Mark Neville began his career as an artist and sculptor, using the camera primarily to record his installations. His first documentary photo project came in 2004, when he spent a year photographing local residents in Port Glasgow, a Scottish town now beset by the industrial downturn, where his subjects included neighbours, patrons of bars and clubs, and members of diverse urban groups from football teams to Christian communities. His ‘Port Glasgow’ photo album was based on these images. Calling on boys from the local football club, Neville then distributed the books to every household in town: his aim to reach every individual featured in the project, especially those unlikely to purchase a photo album with high production costs from a shop. There was a huge response to the book: some accepted the artist’s view, but many felt he had exaggerated and deliberately shown the town and its inhabitants in a negative light. After ‘Port Glasgow’ Neville decided to continue his focus on documentary photography and for him this became an instrument of social criticism.

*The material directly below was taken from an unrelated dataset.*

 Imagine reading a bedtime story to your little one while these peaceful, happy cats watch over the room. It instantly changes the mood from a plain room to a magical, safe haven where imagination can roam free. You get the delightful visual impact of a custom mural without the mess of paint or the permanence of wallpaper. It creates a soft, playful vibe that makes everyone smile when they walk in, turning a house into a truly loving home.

From late 2011 to summer 2012 Neville carried out two photo commissions almost simultaneously: one on London for The New York Times, the other on the city of Pittsburgh for the Andy Warhol Museum. The result of Neville’s six-month shoot in London was the ‘Here Is London’ series, while Pittsburgh produced the ‘Braddock/Sewickley’ slideshow installation. For Neville this was his first experience of cooperation with periodicals, and the first time he had created works for display in an American museum. According to the author, he had never worked so quickly before. Since the interval between finishing one project and starting work on the next was just five weeks, they became interwoven.

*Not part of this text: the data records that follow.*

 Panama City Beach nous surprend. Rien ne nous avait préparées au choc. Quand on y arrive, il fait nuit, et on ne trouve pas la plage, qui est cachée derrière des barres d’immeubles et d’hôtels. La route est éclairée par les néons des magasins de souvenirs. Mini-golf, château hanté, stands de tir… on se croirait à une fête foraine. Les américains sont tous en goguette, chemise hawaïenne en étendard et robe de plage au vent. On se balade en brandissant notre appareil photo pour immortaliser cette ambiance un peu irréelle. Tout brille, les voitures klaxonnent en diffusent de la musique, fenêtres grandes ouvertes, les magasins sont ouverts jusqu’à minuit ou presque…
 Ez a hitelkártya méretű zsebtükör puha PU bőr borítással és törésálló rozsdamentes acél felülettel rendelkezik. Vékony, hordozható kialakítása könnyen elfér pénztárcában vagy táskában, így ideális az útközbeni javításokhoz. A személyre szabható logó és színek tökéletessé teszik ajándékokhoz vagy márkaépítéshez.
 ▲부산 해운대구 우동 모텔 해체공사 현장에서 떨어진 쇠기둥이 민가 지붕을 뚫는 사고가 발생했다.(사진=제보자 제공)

In Pittsburgh Neville worked in two areas that were diametrically opposed in social terms — respectable Sewickley and working class Braddock, the latter having developed around the steel giant before languishing in the 1980s, when American industry hit crisis point. In London Boujis, the nightclub frequented by Prince Harry, represents one extreme, the subcultures generated by abject poverty the other.
Neville shows modern-day contrasts by applying the visual style of cult photographers active in the 1970s and 1980s, those who photographed the USA and UK in times of recession. It soon becomes clear that little has changed in the intervening years.